School days are a time when the influence of other children is very important and fitting in is seen as essential. If children are thought of as different for any reason, they can be picked on and bullied. Sadly, we still live in a society in which to be different in any way can lead to ridicule and bullying and this can lead to prejudice continuing into the next generation. It is crucial to be alert to the possibility of bullying and make sure you know the tell-tale signs.

You may think that your child is unlikely to be bullied but the reality is that bullying can happen at any time and to any child. Bullies who continually harm other children need support and help as well. They may have experienced difficulties of their own, which may have led to their actions. Reporting concerns may help them get help as well.
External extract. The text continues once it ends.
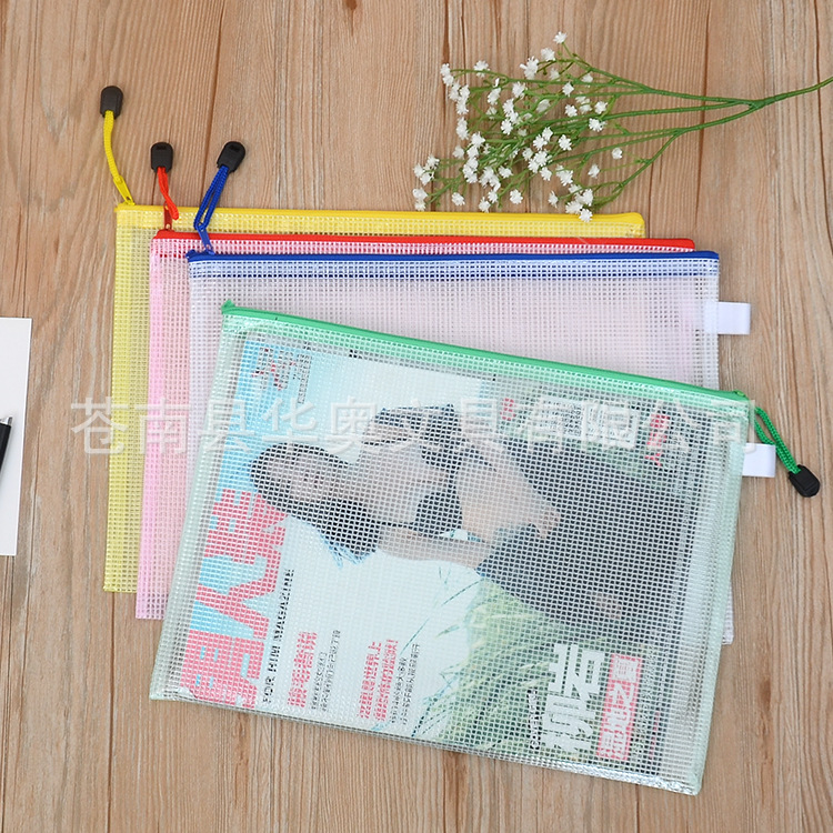 공장 그리드 지퍼 파일 가방 데이터 저장 가방 PVC 투명 지퍼 가방 사무실 문구 가방 재고 도매스토어 가기

  • Bullying can happen anywhere but most commonly it starts in school
  • Bullying can take many forms, including verbal abuse, physical attack and on-line (known as cyberbullying)
  • Bullying is the repeated abuse of a child by one or several people
  • Bullies are not always older than the child they harm
  • Most bullying is done by children who are the same age as the victim

If your child tells you about a friend or any other child who is being bullied – listen carefully and take this seriously. That child may not be able to say for themselves what is happening.

Today all schools are required to have an anti-bullying policy. However, school action alone cannot guarantee success. It is important that parents and schools work together in partnership to secure support and protection for the child for both the present and the future. However, before you dash off to speak to the head teacher, the bully or the bully’s parents, think carefully about what information you have and how this approach might impact the bullying; it could make it worse!

  • As hard as it will be, listen to your child without getting upset, and show them you are listening by summarising what you have heard. Then ask them how you can help, don’t just take over. If your child feels excluded from the process of how to deal with the situation, this could make them even more stressed and anxious about the situation and less willing to go to you about it.
  • Put your child’s mind at rest that it’s not their fault, you could talk about how some celebrities have been bullied and try to encourage them to appear confident, even if they don’t feel it. Try practising some body language moves:
    • Keep your hands out of your pockets
    • Fidgeting is a sign of nervousness
    • Keep your chin up and your eyes forward
    • Standing up straight is perhaps the most important way to show you are confident
  • Roleplay some bullying scenarios, and talk about how our faces, voices and bodies can all show someone if we are feeling confident or not
  • While all this is going on, perhaps take the pressure off less important issues, like leaving a dirty cup in the lounge

Please don’t ever tell your child to ignore it, or that it’s all part of growing up. What this says is that bullying must be endured and not stopped. Some children may want to talk to another adult about the bullying, sometimes this is the case because they don’t want you to become upset. It is essential that parents make contact with their child’s school as soon as they become aware of any problems before they become huge.

What should I do if my child is bullied online?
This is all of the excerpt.